**WHAT YOU WILL DO:** Down to the last line of the listing, starting at the one with "(USED) 2007 Mercedes", retype each line exactly. Do not copy the pictures.

**AVAILABLE DATA:**
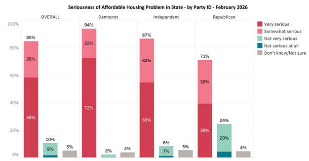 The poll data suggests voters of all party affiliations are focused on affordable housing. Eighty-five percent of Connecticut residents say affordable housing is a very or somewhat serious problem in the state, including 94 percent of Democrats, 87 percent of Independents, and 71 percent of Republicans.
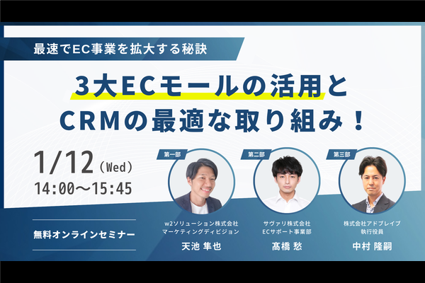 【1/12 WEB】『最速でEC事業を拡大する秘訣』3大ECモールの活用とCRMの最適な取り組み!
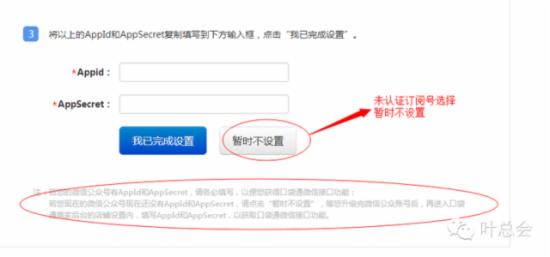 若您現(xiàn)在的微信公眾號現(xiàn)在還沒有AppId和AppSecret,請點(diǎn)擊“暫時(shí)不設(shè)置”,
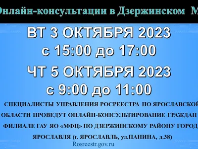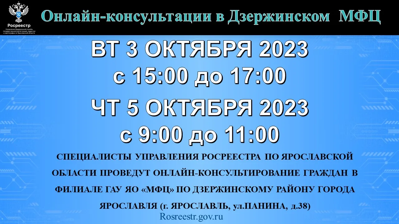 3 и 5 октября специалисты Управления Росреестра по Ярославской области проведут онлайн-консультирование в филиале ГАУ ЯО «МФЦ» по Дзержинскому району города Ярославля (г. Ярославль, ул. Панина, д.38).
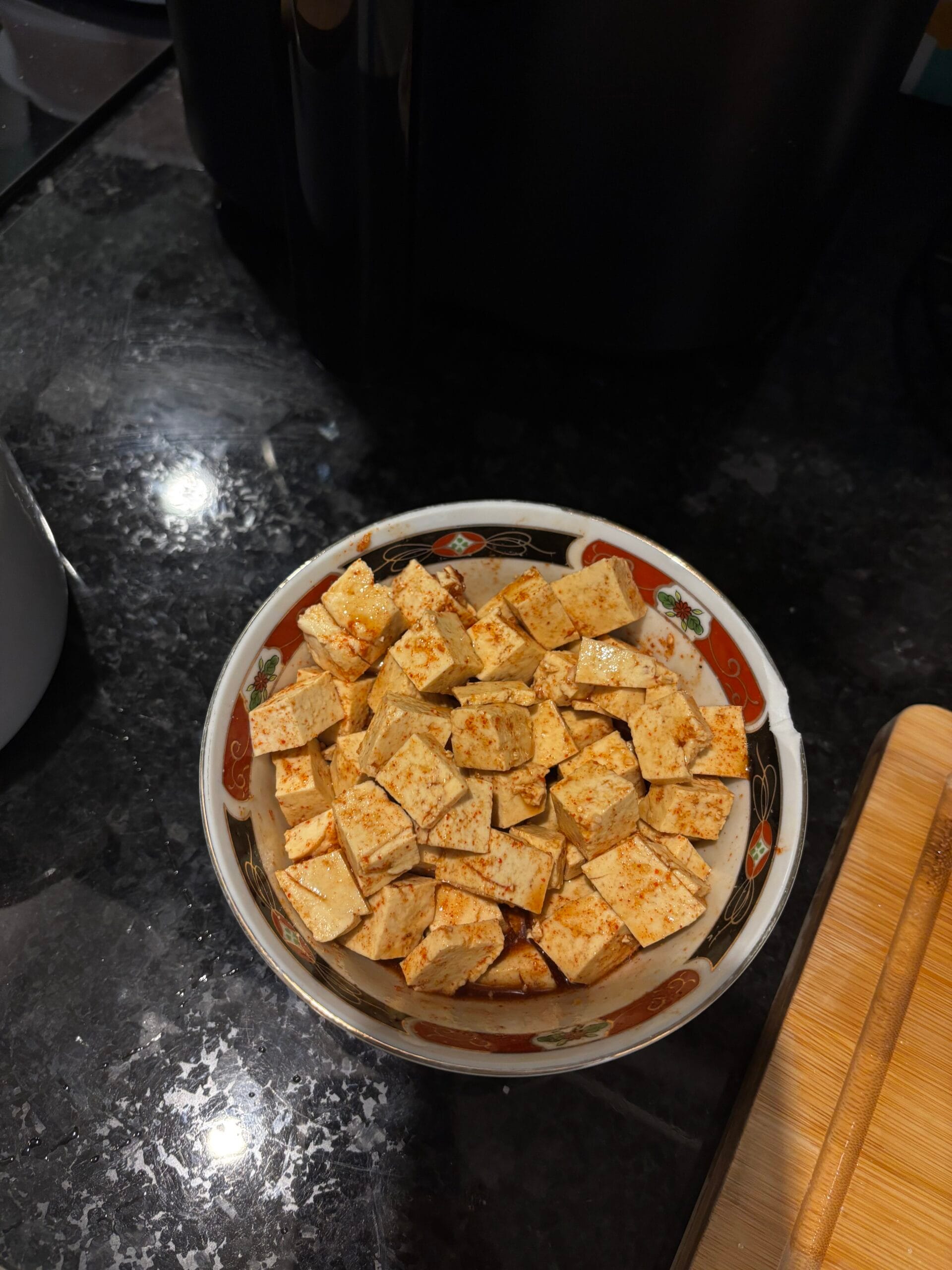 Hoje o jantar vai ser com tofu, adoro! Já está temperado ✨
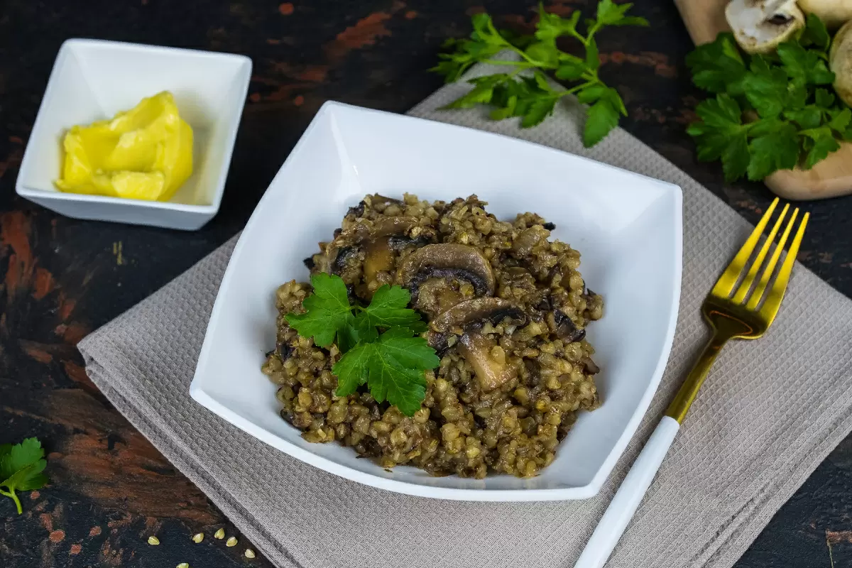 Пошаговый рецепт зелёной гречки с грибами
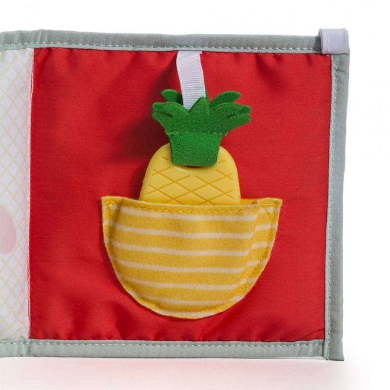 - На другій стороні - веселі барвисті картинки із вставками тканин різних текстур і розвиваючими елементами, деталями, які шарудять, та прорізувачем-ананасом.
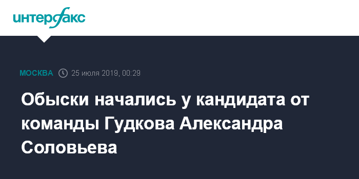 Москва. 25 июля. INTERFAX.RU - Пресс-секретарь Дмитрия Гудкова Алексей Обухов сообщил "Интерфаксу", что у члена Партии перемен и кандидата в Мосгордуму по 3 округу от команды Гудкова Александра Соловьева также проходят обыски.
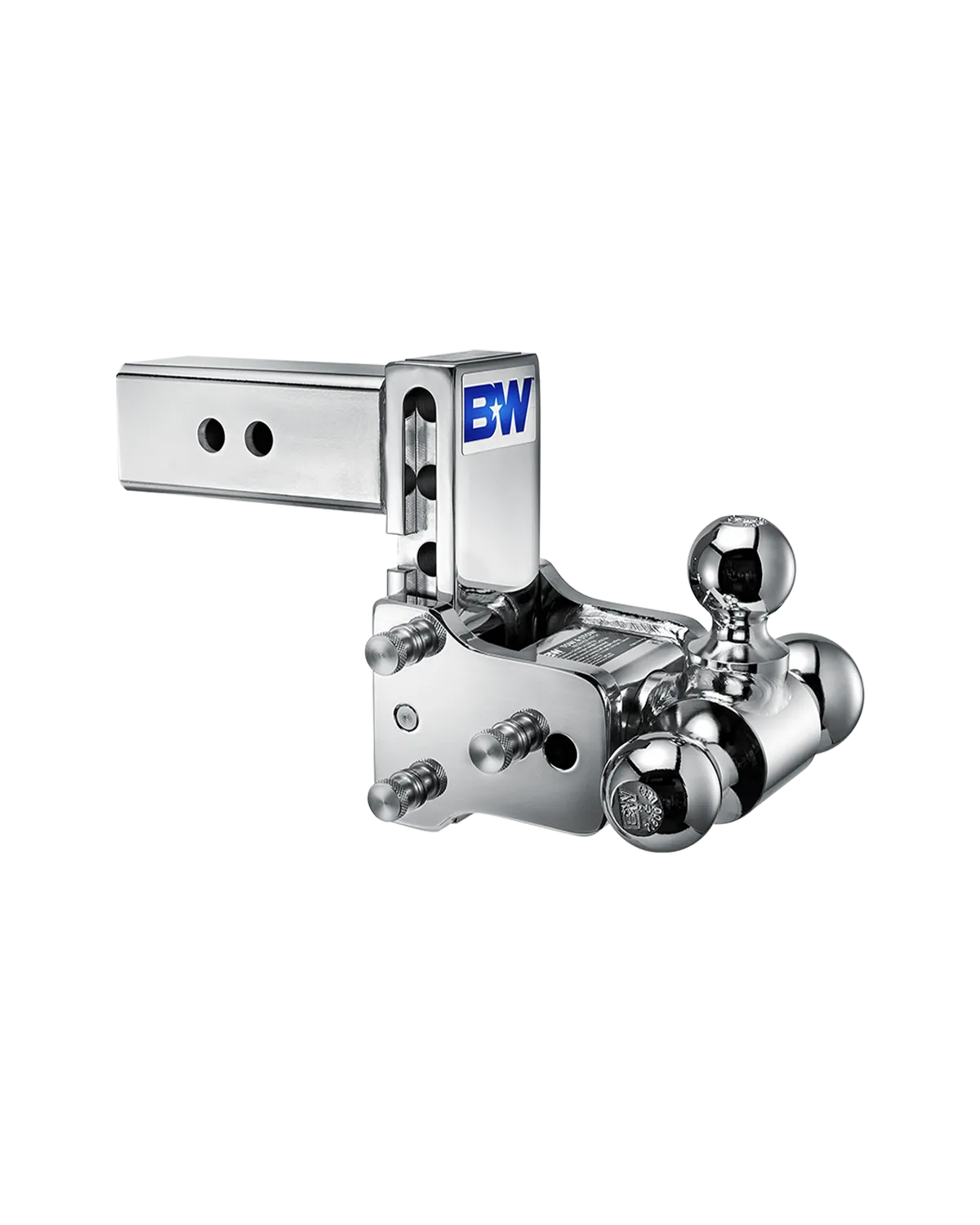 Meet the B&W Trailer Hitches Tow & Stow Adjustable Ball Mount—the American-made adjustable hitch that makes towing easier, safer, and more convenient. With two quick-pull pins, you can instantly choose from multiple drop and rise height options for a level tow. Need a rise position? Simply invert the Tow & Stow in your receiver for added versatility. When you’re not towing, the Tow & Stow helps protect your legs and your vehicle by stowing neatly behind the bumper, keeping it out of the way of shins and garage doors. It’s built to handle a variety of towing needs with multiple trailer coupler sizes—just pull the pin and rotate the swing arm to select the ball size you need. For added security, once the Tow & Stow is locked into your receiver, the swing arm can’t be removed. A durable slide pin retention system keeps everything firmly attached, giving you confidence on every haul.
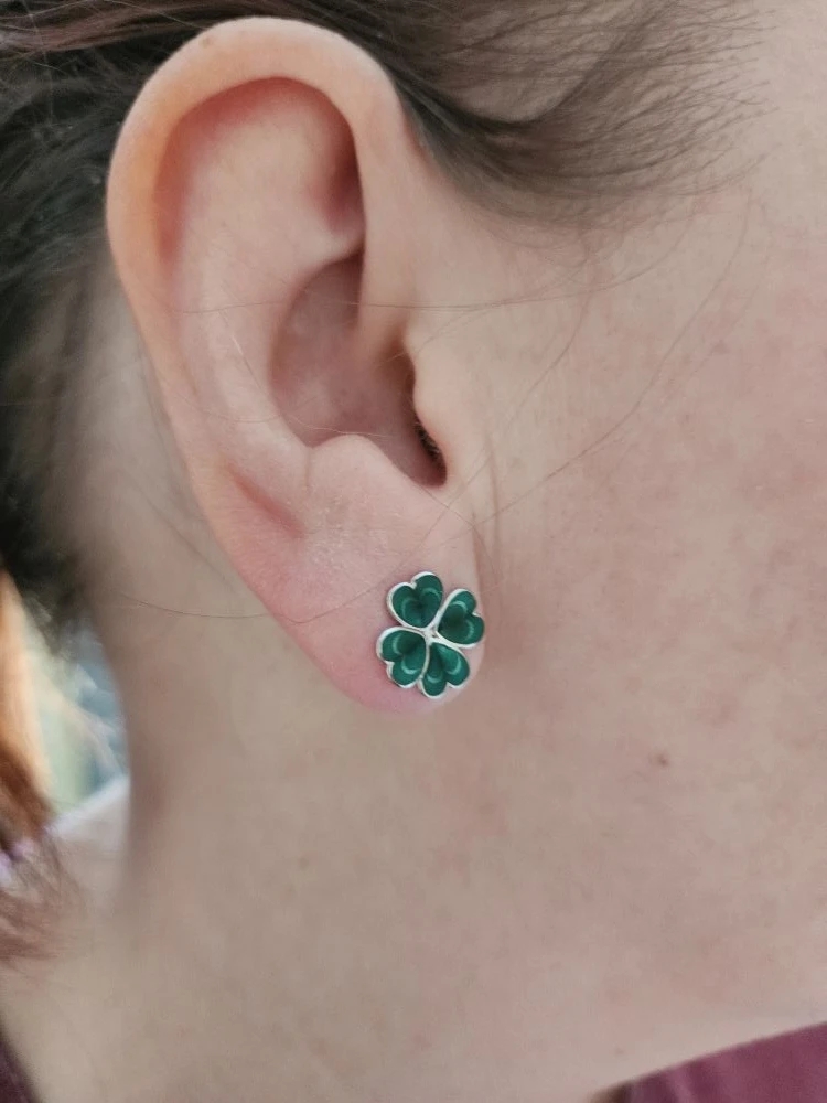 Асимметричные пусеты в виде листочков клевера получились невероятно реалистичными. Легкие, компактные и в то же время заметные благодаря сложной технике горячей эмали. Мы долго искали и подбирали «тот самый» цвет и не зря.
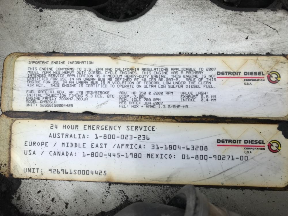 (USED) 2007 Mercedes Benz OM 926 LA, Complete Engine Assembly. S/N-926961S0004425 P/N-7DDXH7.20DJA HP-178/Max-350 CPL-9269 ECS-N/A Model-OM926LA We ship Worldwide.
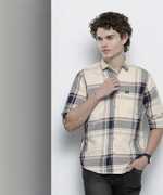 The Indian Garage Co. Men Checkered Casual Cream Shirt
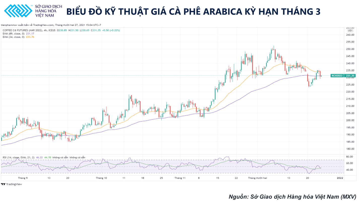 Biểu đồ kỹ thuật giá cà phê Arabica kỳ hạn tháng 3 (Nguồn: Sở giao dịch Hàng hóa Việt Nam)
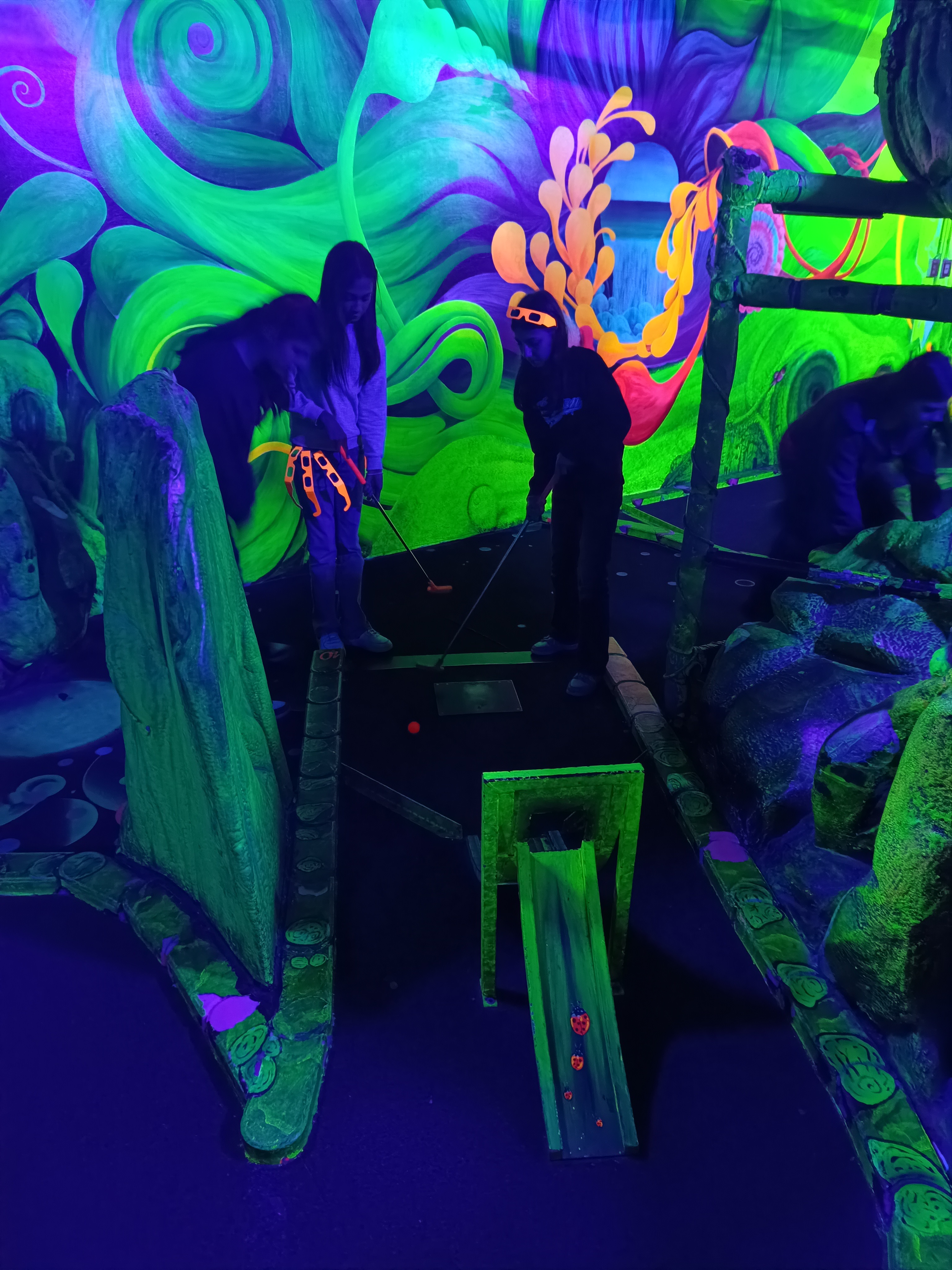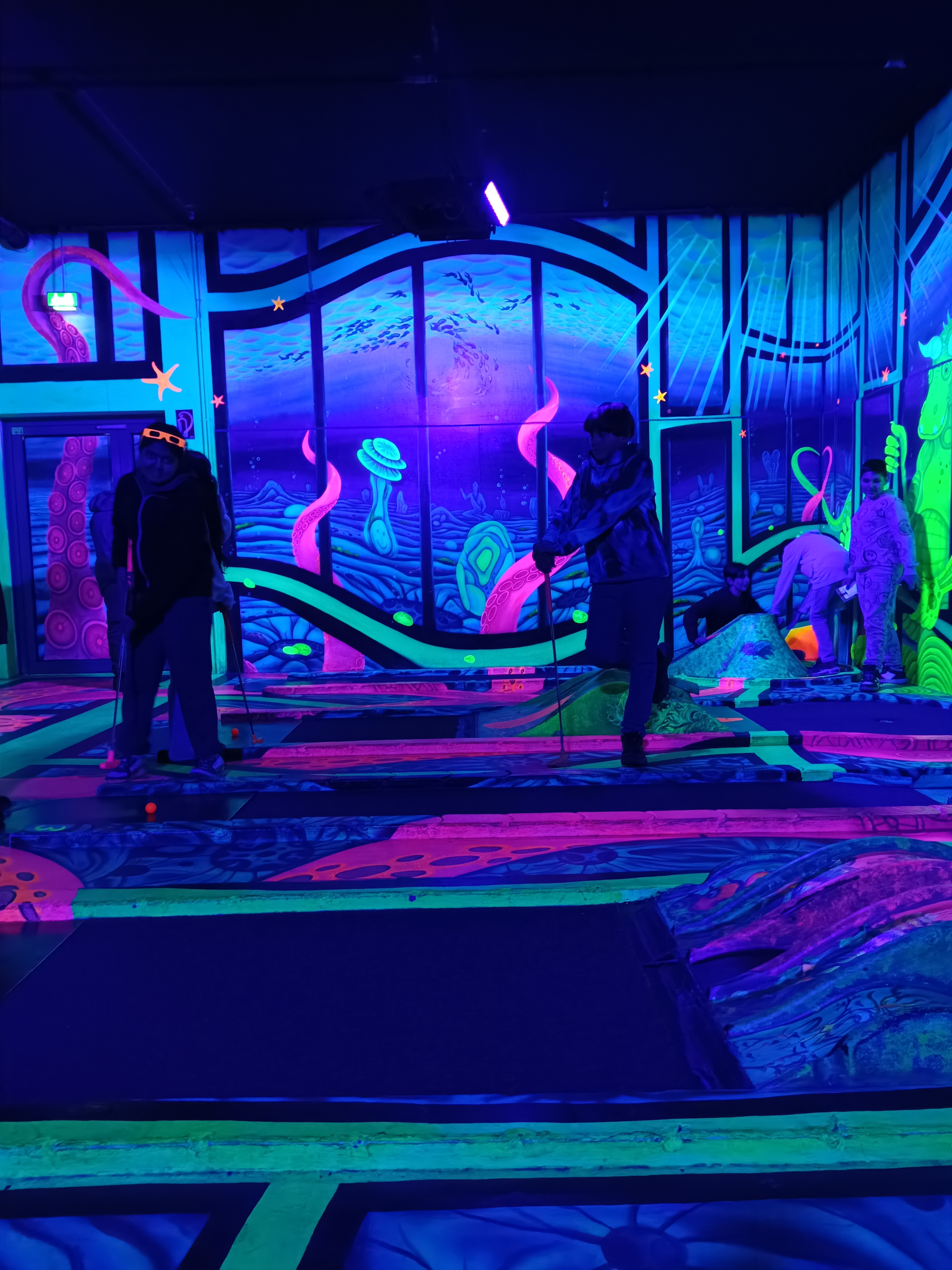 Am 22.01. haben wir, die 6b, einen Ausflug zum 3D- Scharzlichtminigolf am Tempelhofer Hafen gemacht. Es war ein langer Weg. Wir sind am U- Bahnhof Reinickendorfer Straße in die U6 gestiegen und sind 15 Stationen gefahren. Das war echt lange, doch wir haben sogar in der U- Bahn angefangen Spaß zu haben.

**SOLUTION TO THIS TASK:**
 (USED) 2007 Mercedes Benz OM 926 LA, Complete Engine Assembly. S/N-926961S0004425 P/N-7DDXH7.20DJA HP-178/Max-350 CPL-9269 ECS-N/A Model-OM926LA We ship Worldwide.
 The Indian Garage Co. Men Checkered Casual Cream Shirt
 Biểu đồ kỹ thuật giá cà phê Arabica kỳ hạn tháng 3 (Nguồn: Sở giao dịch Hàng hóa Việt Nam)
 Am 22.01. haben wir, die 6b, einen Ausflug zum 3D- Scharzlichtminigolf am Tempelhofer Hafen gemacht. Es war ein langer Weg. Wir sind am U- Bahnhof Reinickendorfer Straße in die U6 gestiegen und sind 15 Stationen gefahren. Das war echt lange, doch wir haben sogar in der U- Bahn angefangen Spaß zu haben.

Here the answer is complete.